The defense sector is in a boom cycle, fueled by ongoing geopolitical conflicts and a defense-friendly U.S. administration. With military budgets soaring, particularly in the U.S., investors are eyeing top defence contractors poised for lucrative government contracts.
Why invest in defence stocks now?
- 1 Trump's pro-defence stance: The return of Donald Trump to the White House is expected to favour defence contractors. His administration previously increased military spending significantly, and current global tensions could push it even higher.

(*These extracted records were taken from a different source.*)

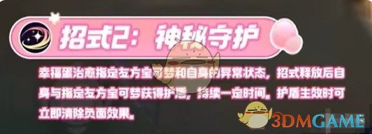 幸福蛋治愈指定友方宝可梦和自身的异常状态,招式释放后自身与指定友方宝可梦获得护盾,持续一定时间。
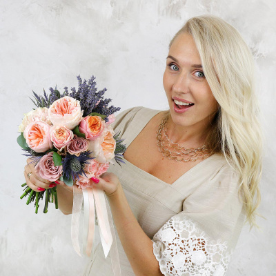 Букет из пионовидных роз, лаванды и эрингиума| 8 200 Р | без скидки |
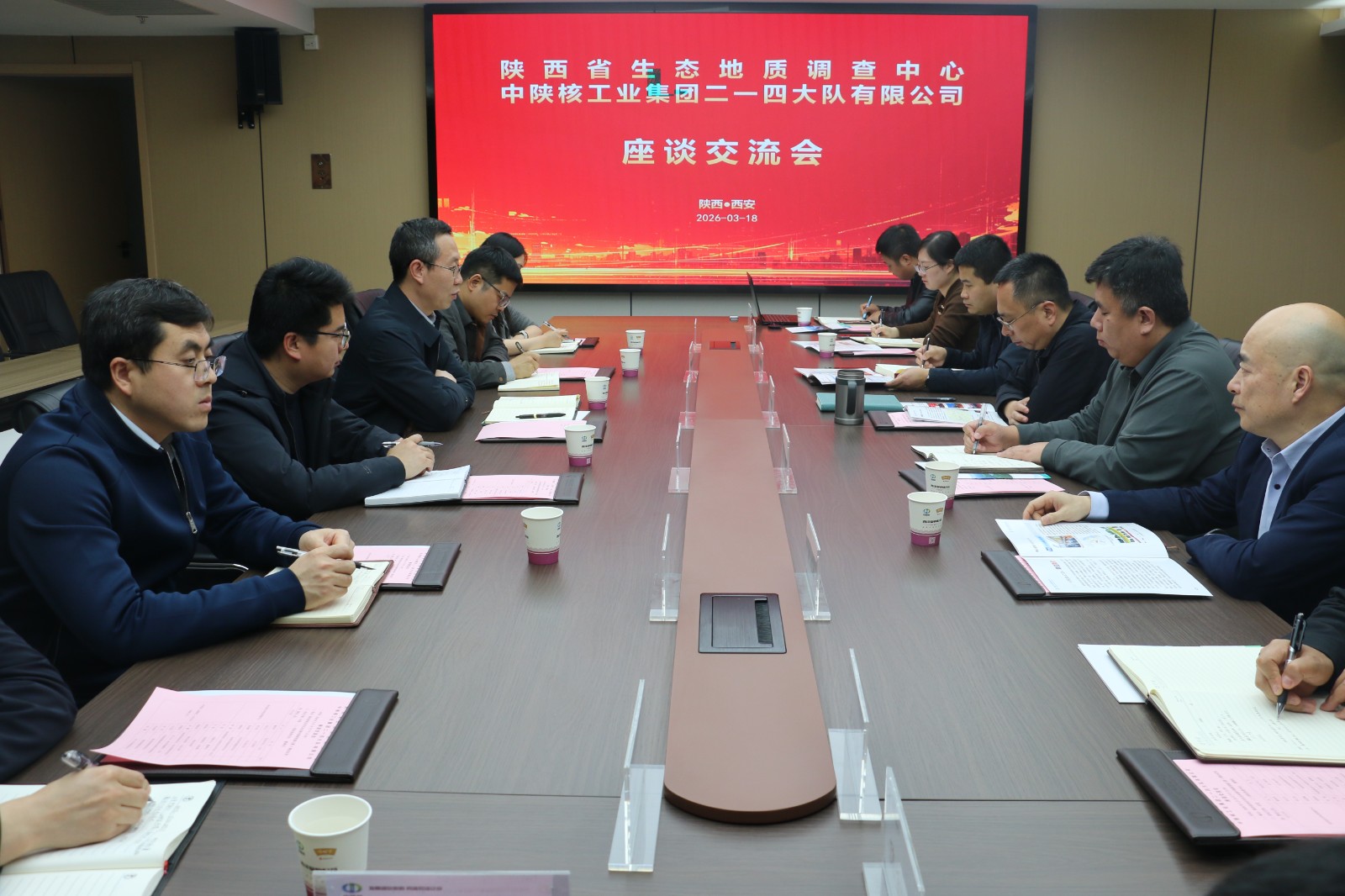 3月18日下午,陜西省生態(tài)地質(zhì)調(diào)查中心與中陜核工業(yè)集團(tuán)二一四大隊(duì)有限公司開展專題調(diào)研座談會(huì),聚焦生態(tài)地質(zhì)技術(shù)創(chuàng)新、項(xiàng)目協(xié)同推進(jìn)、成果轉(zhuǎn)化應(yīng)用等重點(diǎn)議題深入交流。省生態(tài)地質(zhì)調(diào)查中心黨總支書記、主任薛旭平,總工程師何元方;二一四隊(duì)黨委書記、董事長付星,黨委委員、總經(jīng)理王朋參加會(huì)議。
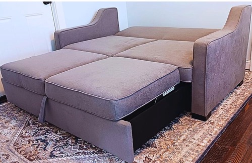 the river retreat offers a luxurious hybrid queen bed and two additional sleeping spaces in the adjoining room with a bunk bed and sleeper couch that converts The main room includes a desk with a dedicated work space, chargers, and fast Wi-Fi.
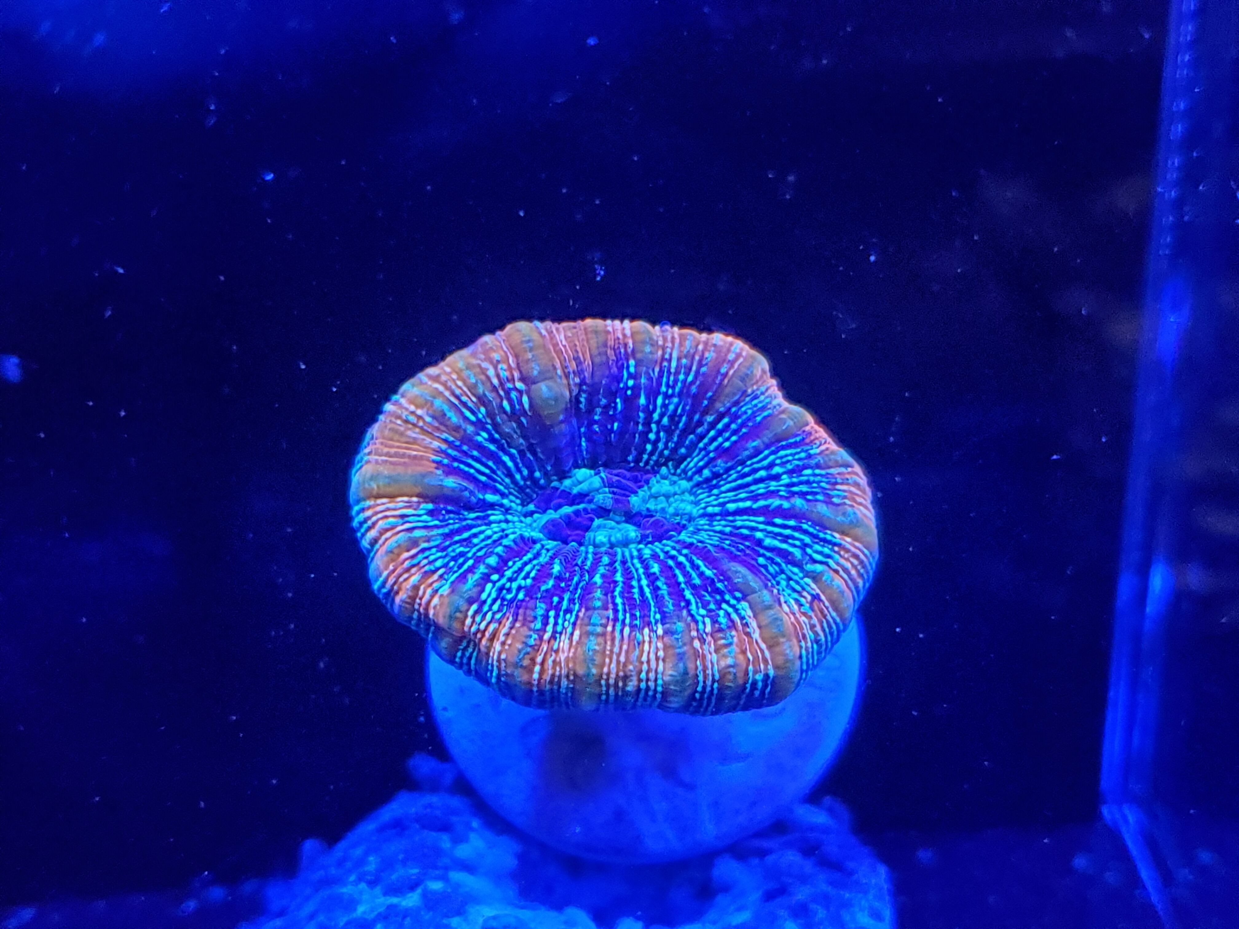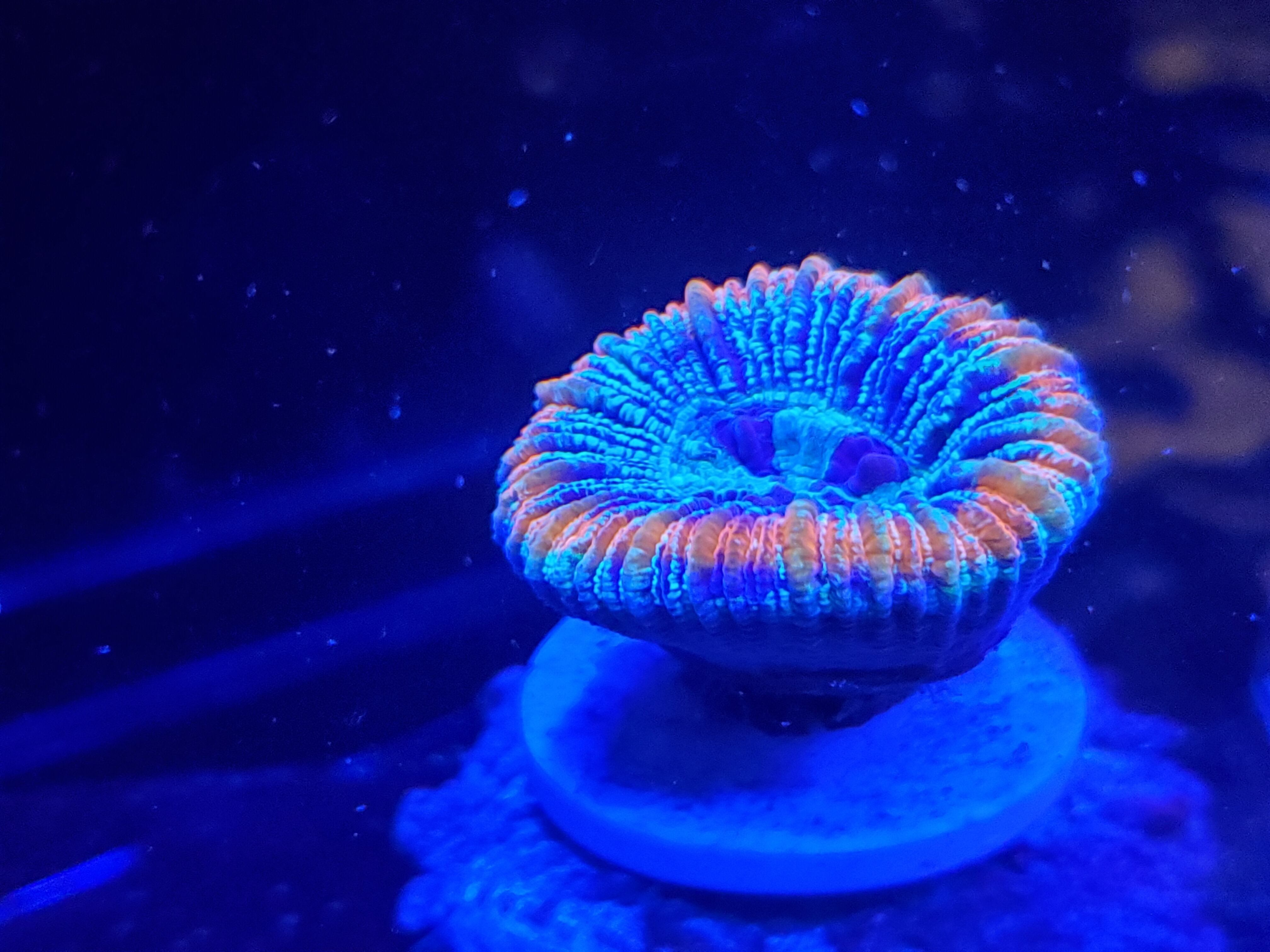 インドネシア産のオオバナサンゴは、色やパターンの個体差が激しく「一期一会」の出会いが魅力です。この4〜5cmサイズは成長の変化も観察しやすく、サンゴ飼育の醍醐味を凝縮したような1個体です。
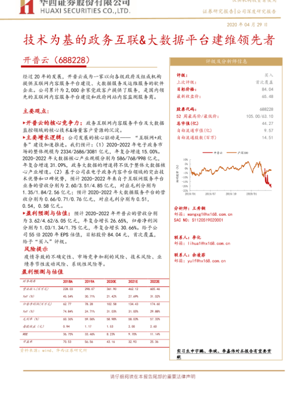 【华西证券】【20200429】技术为基的政务互联&大数据平台建维领先者-34页 行业研究
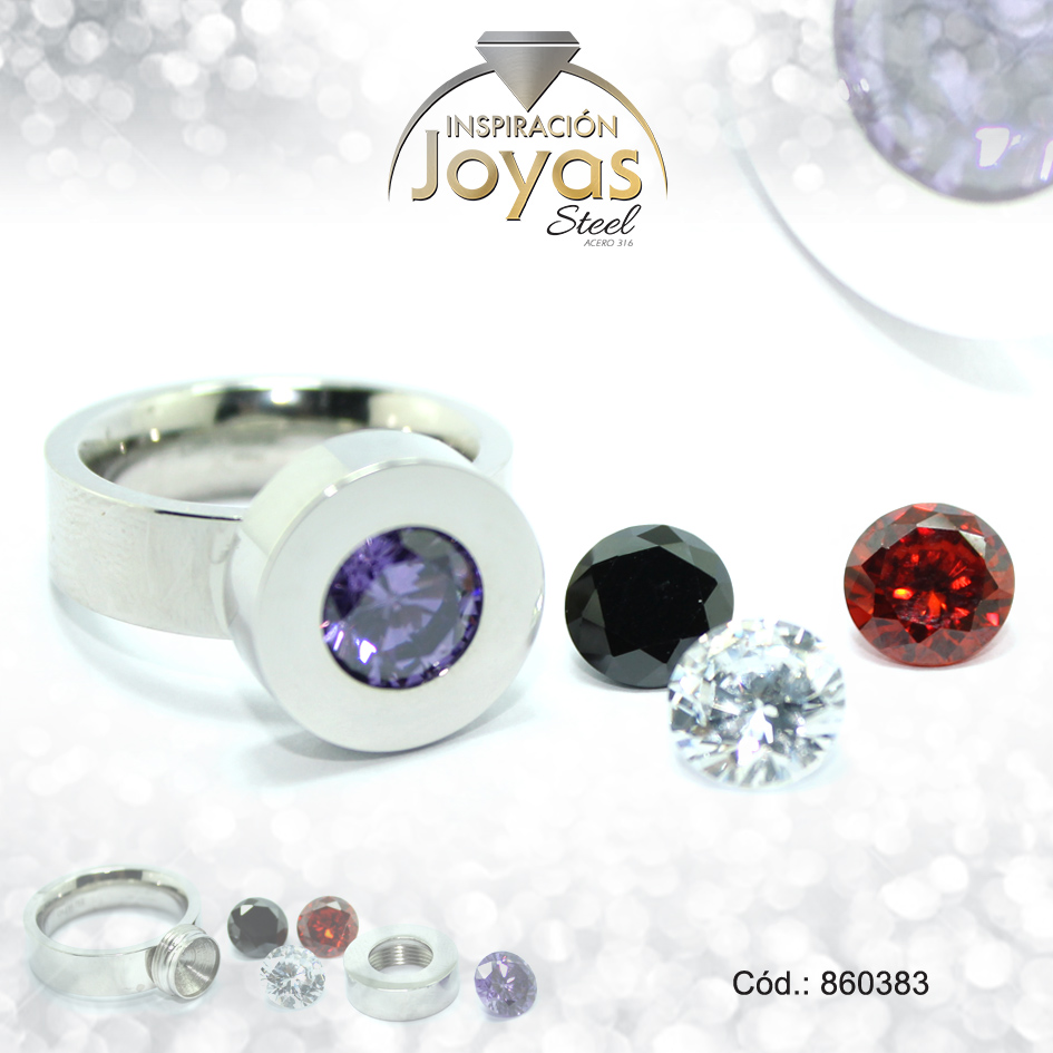 Anillo de Acero Solitario Circón Plateado Intercambiable Talla 9 – 860383

- 2 Geopolitical unrest: The ongoing Russia-Ukraine war has driven NATO nations to ramp up military support, leading to massive defence contracts for arms manufacturers. Meanwhile, the Israel-Hamas conflict has intensified demand for advanced defence systems and weapons. Rising tensions between China and Taiwan have also heightened security concerns, increasing the likelihood of further U.S. military aid, which could significantly benefit defence stocks.
- 3 Who will win the defence contracts? The big players in the U.S. defence sector are well-positioned to benefit from escalating defence budgets. Below are the top defence stocks expected to surge in 2025.
Top 9 U.S. defence stocks to watch in 2025
Defense stock | Fast facts | Overview |
---|---|---|
Lockheed Martin (NYSE: LMT) |
Market cap: $109B
Dividend yield: 2.7% |
What they do: Lockheed Martin is the largest U.S. defence contractor, specialising in advanced fighter jets, missile defence systems, and space technology. Their key programs include the F-35 fighter jet and THAAD missile defence.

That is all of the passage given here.